Just drill your drain as low as you can (determined by diameter of the hole-to-be, as noted above). Then, establish your dead pool elevation with a standpipe between the bulkhead and strainer. A little piece of schedule 40 PVC pipe serves well on a 3/4" bulkhead / strainer rig. This way, it's super easy to modify water level - just cut off a little of that standpipe, or slap in a longer piece. *No screw, no glue, just push it in and pull it out.* And, you'll never kick yourself for drilling your hole too high - it's as low as you ever could have made it.

If you wanna get fancy you can put a few smaller holes or slits at the bottom of the standpipe, to not just drain from the surface but also draw from near the bottom. This is more important in deeper-water setups, or with messy eaters like turtles.

Hopefully this is all clear. Other have success doing other stuff, but all this is what works best for me. I have screwed up most everything at least once. What I've given here is the emergent wisdom of a whole lot of messing around.

Good luck!


----------



## varanoid (Jan 21, 2011)

Socratic Monologue said:


> Be aware that taping/doping plastic threads is advised against by manufacturers. It makes it much easier to overtighten the fitting and split it. Yes, many/most people use tape or pipe dope. I do sometimes, too. Sometimes I use plumber's lubricant, too. Sometimes I split fittings. I'm kind of a lummox when I'm doing this sort of thing, though.
> 
> I usually use threaded bulkheads and fittings (lots of aquarium and swimming pool experience, but I don't put drains on my frog vivs). This is mostly for ease of installation. Threaded fittings can be tightened during installation, but when I blow my first try on slip fittings, it is a lot of work to redo it.
> 
> ...


I've never considered using pipe dope before for any of the animal applications that have arisen. Have you used pipe dope in an animal application? I've never used it because Teflon has worked just fine in every application I've used. Hand tighten in most applications. No need to crank on it. Cranking on it will damage the threads and thus the integrity of the joint/union of two pieces.

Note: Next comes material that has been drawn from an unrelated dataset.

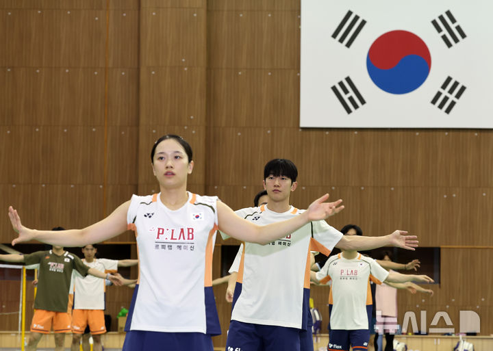 [진천=뉴시스] 배훈식 기자 = 대한민국 배드민턴 대표 선수들이 18일 오후 충북 진천군 국가대표선수촌에서 훈련에 앞서 몸을 풀고 하고 있다.  2025.08.18. [email protected]

Also on a completely unrelated dart frog note, I reuse bulkheads a lot. Sometimes the gasket needs to be replaced, but that is it.


----------



## Socratic Monologue (Apr 7, 2018)

varanoid said:


> I've never considered using pipe dope before for any of the animal applications that have arisen. Have you used pipe dope in an animal application? I've never used it because Teflon has worked just fine in every application I've used. Hand tighten in most applications. No need to crank on it. Cranking on it will damage the threads and thus the integrity of the joint/union of two pieces.
> 
> 
> Also on a completely unrelated dart frog note, I reuse bulkheads a lot. Sometimes the gasket needs to be replaced, but that is it.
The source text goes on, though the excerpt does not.